Bearloga has submitted this change and it was merged.
Change subject: Switch the running of the R scripts /over/ to an R script.
......................................................................
Switch the running of the R scripts /over/ to an R script.
This switches over running the R scripts used for data collection
so that the shell script just needs to call one .R. It means
we won't have to append the .sh when adding new retrieval scripts -
and, more importantly, the internal logic is a prerequisite for automated
backfilling.
Bug: T114919
Change-Id: If7b29f7e2fd5ca9112d3901ac8d71ae57b34e96e
---
M common.R
M config.R
M main.sh
M maps/tiles.R
M maps/usage.R
A run.R
M search/LDN.R
M search/api.R
M search/app.R
M search/desktop.R
M search/dwelltime.R
M search/mobile.R
M wdqs/basic_usage.R
13 files changed, 71 insertions(+), 92 deletions(-)
Approvals:
Bearloga: Verified; Looks good to me, approved
diff --git a/common.R b/common.R
index bdbdfcb..202ec46 100644
--- a/common.R
+++ b/common.R
@@ -1,9 +1,12 @@
source("config.R")
-# Dependencies
-library(lubridate)
-library(olivr)
-suppressPackageStartupMessages(library(data.table))
+# Directory creation function
+check_dir <- function(dir){
+ if(!file.exists(dir)) {
+ dir.create(path = dir)
+ }
+ return(invisible())
+}
# Query building function
query_func <- function(fields, table, ts_field, date = NULL, conditionals =
NULL){
diff --git a/config.R b/config.R
index f1b524e..1b50863 100644
--- a/config.R
+++ b/config.R
@@ -1,9 +1,17 @@
-# Config variables and setup:
-options(scipen = 500, q = "no")
+# Config variables and setup
+options(scipen = 500, save = "no")
-# base_path : This is set on a per-script level
-# (before sourcing common.R)
+# Core paths
+write_root <- "/a/aggregate-datasets/"
+dirs <- c("maps","wdqs", "search")
+write_dirs <- paste0(write_root, dirs)
-if(!file.exists(base_path)) {
- dir.create(path = base_path)
-}
+# Dependencies
+library(lubridate)
+library(olivr)
+suppressPackageStartupMessages(library(data.table))
+library(readr)
+library(ortiz)
+library(plyr)
+library(magrittr)
+library(survival)
diff --git a/main.sh b/main.sh
index 54ec90b..b1511e9 100644
--- a/main.sh
+++ b/main.sh
@@ -1,11 +1,3 @@
-R CMD BATCH ./search/desktop.R
-R CMD BATCH ./search/mobile.R
-R CMD BATCH ./search/app.R
-R CMD BATCH ./search/api.R
-R CMD BATCH ./search/dwelltime.R
-R CMD BATCH ./search/LDN.R
-R CMD BATCH ./wdqs/basic_usage.R
-R CMD BATCH ./maps/usage.R
-R CMD BATCH ./maps/tiles.R
+R CMD BATCH run.R
python ./search/core.py
rm -rf .RData
diff --git a/maps/tiles.R b/maps/tiles.R
index c07081d..71542c4 100644
--- a/maps/tiles.R
+++ b/maps/tiles.R
@@ -1,7 +1,5 @@
# Per-file config:
-base_path <- "/a/aggregate-datasets/maps/"
-
-source("common.R")
+base_path <- paste0(write_root, "maps/")

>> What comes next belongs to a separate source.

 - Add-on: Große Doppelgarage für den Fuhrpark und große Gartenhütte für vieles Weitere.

## This script extracts Vagrant logs and processes them to summarize
server-side maps usage.
# Specifically, it generates a dataset containing summaries (avg, median,
percentiles) of:
@@ -10,7 +8,7 @@
# - tile requests per style per zoom, e.g. "osm-z10", "osm-z11", ...

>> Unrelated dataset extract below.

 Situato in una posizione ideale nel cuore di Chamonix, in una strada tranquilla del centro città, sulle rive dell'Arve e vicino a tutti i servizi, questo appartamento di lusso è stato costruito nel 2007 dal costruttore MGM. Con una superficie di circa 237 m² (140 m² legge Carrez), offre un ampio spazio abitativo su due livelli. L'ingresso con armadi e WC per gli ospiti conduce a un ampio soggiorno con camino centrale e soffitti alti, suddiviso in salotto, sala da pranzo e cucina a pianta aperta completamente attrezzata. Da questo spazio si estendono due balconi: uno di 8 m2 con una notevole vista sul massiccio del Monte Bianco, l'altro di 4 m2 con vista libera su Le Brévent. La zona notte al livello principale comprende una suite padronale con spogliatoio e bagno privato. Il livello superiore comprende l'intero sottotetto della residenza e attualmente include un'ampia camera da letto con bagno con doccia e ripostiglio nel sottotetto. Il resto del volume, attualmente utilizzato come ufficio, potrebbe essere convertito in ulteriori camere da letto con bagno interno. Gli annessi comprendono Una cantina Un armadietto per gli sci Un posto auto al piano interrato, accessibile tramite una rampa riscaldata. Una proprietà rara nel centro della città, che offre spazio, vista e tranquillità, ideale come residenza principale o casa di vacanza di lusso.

main <- function(date = NULL) {
-
+
# Date handling
if(is.null(date)) {
date <- Sys.Date() - 1
@@ -69,7 +67,3 @@
# AND uri_path RLIKE
'^/([^/]+)/([0-9]{1,2})/(-?[0-9]+)/(-?[0-9]+)(@([0-9]\\.?[0-9]?)x)?\\.([a-z]+)$'")
# lapply(seq(as.Date(earliest_ts[1, 1]),Sys.Date()-1, "day"), main)
# ^ equivalent to: lapply(seq(as.Date("2015-08-28"), Sys.Date() - 1, "day"),
main)
-
-# Run and kill
-main()
-q(save = "no")
diff --git a/maps/usage.R b/maps/usage.R
index 408f743..025f25a 100644
--- a/maps/usage.R
+++ b/maps/usage.R
@@ -1,6 +1,4 @@
-base_path <- "/a/aggregate-datasets/maps/"
-
-source("common.R")
+base_path <- paste0(write_root, "maps/")
# Gathers very basic data for Maps.
main <- function(date = NULL, table = "GeoFeatures_12914994"){
@@ -23,10 +21,6 @@
return(invisible())
}
-
-# Run and kill
-main()
-q(save = "no")
# Good data starts on 20150804, so for backfilling...
# lapply(seq(as.Date("2015-08-04"),Sys.Date()-1, "day"), main)
diff --git a/run.R b/run.R
new file mode 100644
index 0000000..54ad785
--- /dev/null
+++ b/run.R
@@ -0,0 +1,32 @@
+source("config.R")
+source("common.R")
+
+# Central function
+run <- function(dates = NULL){
+
+ # List out source files
+ source_files <- list.files(dirs, full.names = TRUE, pattern = "\\.R")
+
+ # Read them in
+ # source_text <- lapply(source_files, readLines, encoding = "UTF-8")
+
+ # If the user has not provided dates, just run each file.
+ if(!length(dates)){
+ lapply(source_files, function(x){
+ tryCatch({
+ source(x)
+ check_dir(base_path)
+ main()
+ }, error = function(e){
+ print(x)
+ stop(e)
+ })
+
+ })
+ }
+
+ return(invisible())
+}
+
+run()
+q()
diff --git a/search/LDN.R b/search/LDN.R
index de1352d..2af7eeb 100644
--- a/search/LDN.R
+++ b/search/LDN.R
@@ -1,13 +1,7 @@
## Calculates the median lethal dose (LD50) and other.
## LD50 = the time point at which we have lost 50% of our users.
-base_path <- "/a/aggregate-datasets/search/"
-
-source("common.R")
-
-library(plyr)
-library(magrittr)
-library(survival)
+base_path <- paste0(write_root, "search/")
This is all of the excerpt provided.